Somedays I can't get the words to roll off my lips to make others aware of how I am feeling or to explain a concept or to just say thank you. It is the cruelty of Parkinson's boisterously appearing in my silence. The last month I have had more days like this than I wish to experience.

Experiences though cannot be taken away from me even as this body finds physical abilities slowly disappearing. One experience that will never leave me is the first time that I heard my wife's voice. It was five years ago when I heard her say hello for the first time.

It was angelic in so many ways. Her laugh was warm, her words soothing, and the love echoing through each syllable pierced my heart with an undeniable warmth. 

Today, as much as she wishes to hide it, I can hear the pain in her voice. The pain of seeing someone you love with all of your being slowly, ever so slowly fade. I saw it in her eyes this morning, too. She can't deny it. It was there. And it hurts.

I love her so much. I never thought that I could love someone like this. When I think about what I am doing, the first thoughts that appear for me are not my desires but how I can love her more today.
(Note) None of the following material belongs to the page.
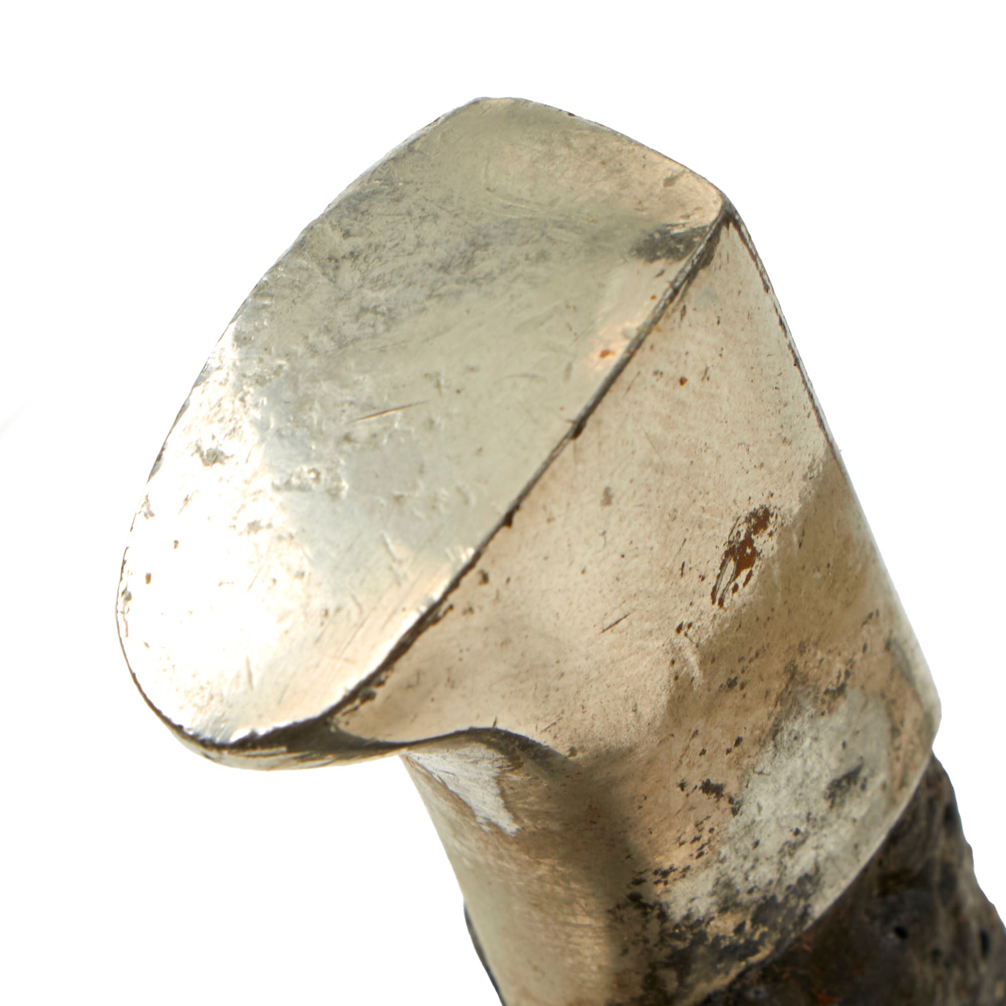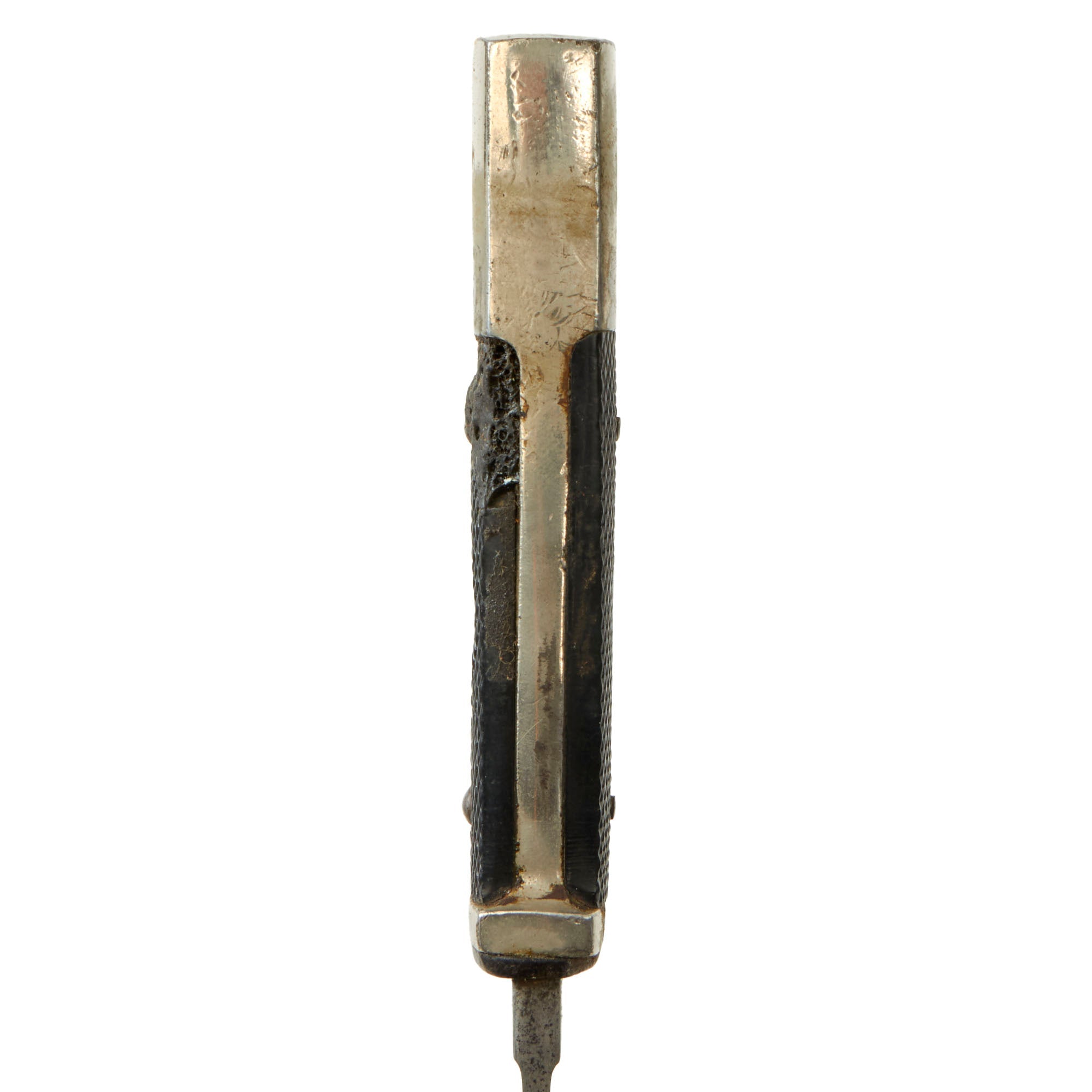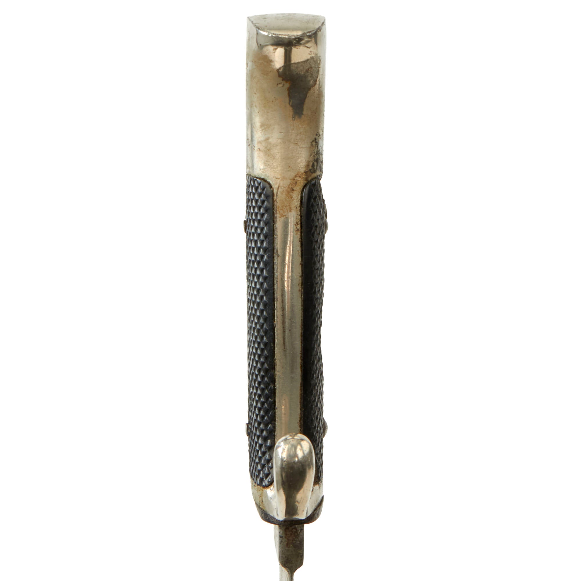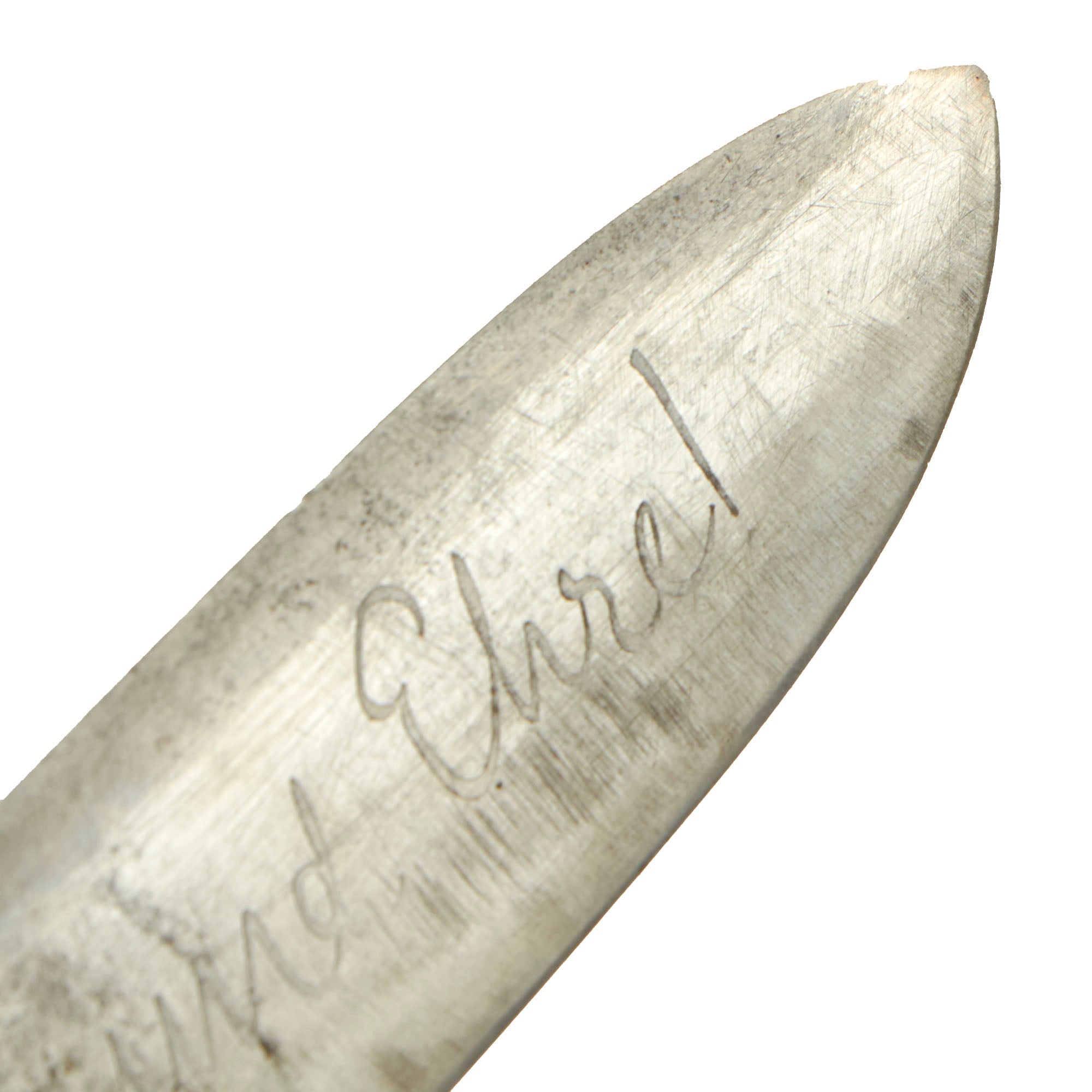 Original Item: Only One Available. This is a very nice transitional HJ Knife, marked on the blade by maker Ed. Wüsthof, Dreizackwerk (Trident Works) of Solingen. This HJ Knife is a solid example of the type, with a handle that is nickel-plated over a steel base. The plating still remains in excellent condition, with about 90% still intact and shiny. The acid-etched motto Blut und Ehre! (Blood and Honor!) is present and legible in the light, but some of the original dark etched finish has been removed by cleaning and runner wear.

I know how she loves me more. She holds back the tears hoping that I won't see them flow. She squeezes my hand tighter, embraces me in a longer hug. She Smiles.

When she smiles, she takes my worries and my pain away. The smile doesn't mean that our lives are perfect. It means that she appreciates what we have and what God has blessed us with...Each other.

I am so honored to be married to my wife and know this special love.

Keep smiling Sweetheart. I Love You!